Task instructions: Please restate each line of the material word for word and omit any pictures.

Exercise data:
-*-*-

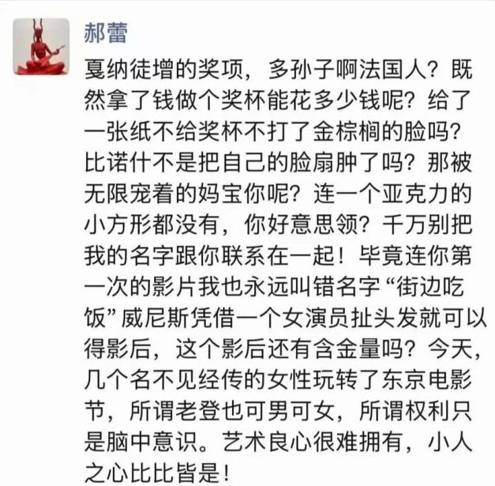 除此之外,影片上映当天,演员郝蕾的一条朋友圈截图也引发了热议。
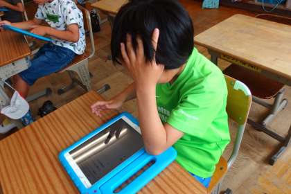 タブレットでデジタルドリル(Qubena)に取り組んでいるところです。
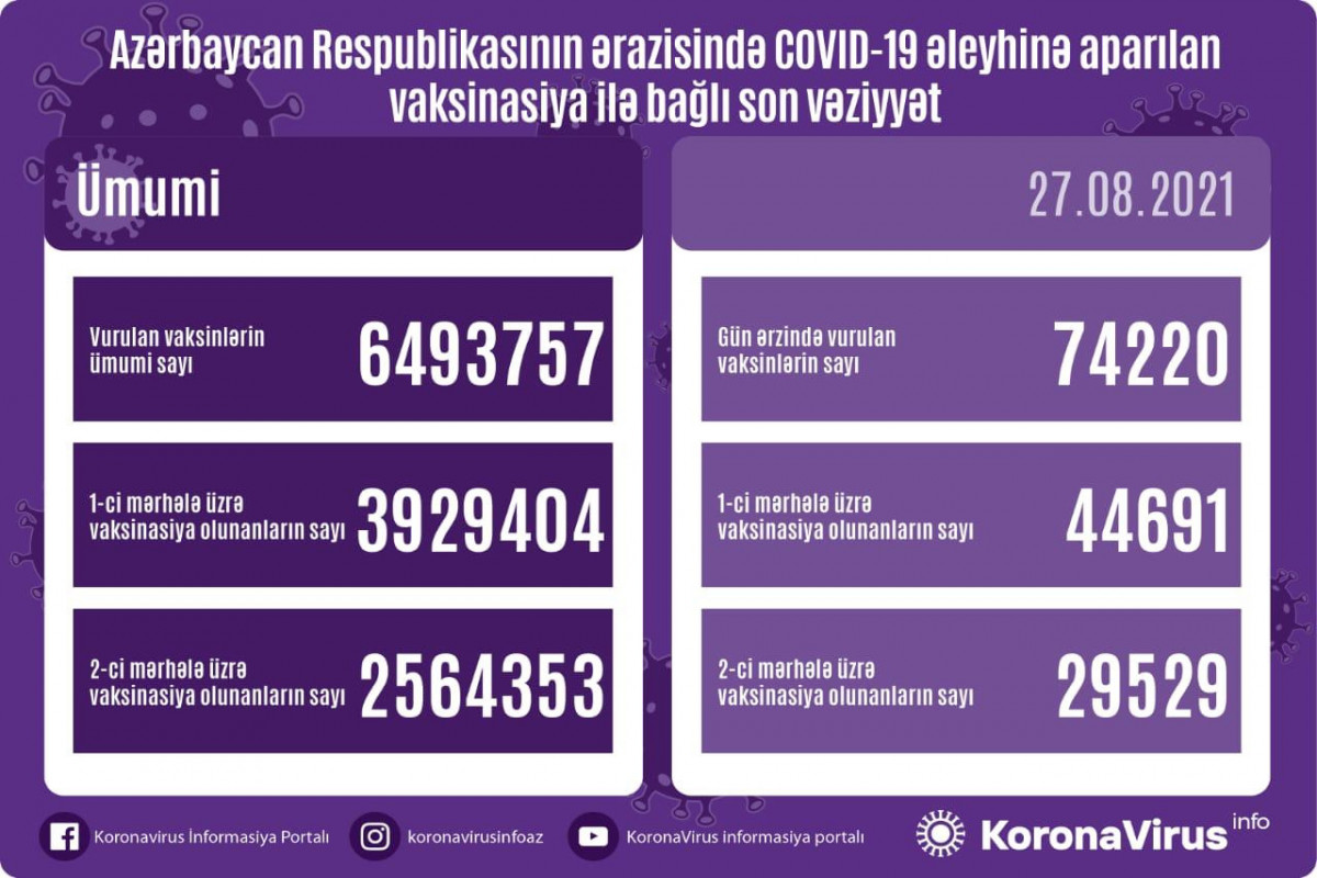26 Avqust 2021-ci il tarixində 3714 yoluxma faktı və 31 ölüm qeydə alındığı açıqlanmışdı.

-*-*-

Solution for this problem:
 除此之外,影片上映当天,演员郝蕾的一条朋友圈截图也引发了热议。
 タブレットでデジタルドリル(Qubena)に取り組んでいるところです。
26 Avqust 2021-ci il tarixində 3714 yoluxma faktı və 31 ölüm qeydə alındığı açıqlanmışdı.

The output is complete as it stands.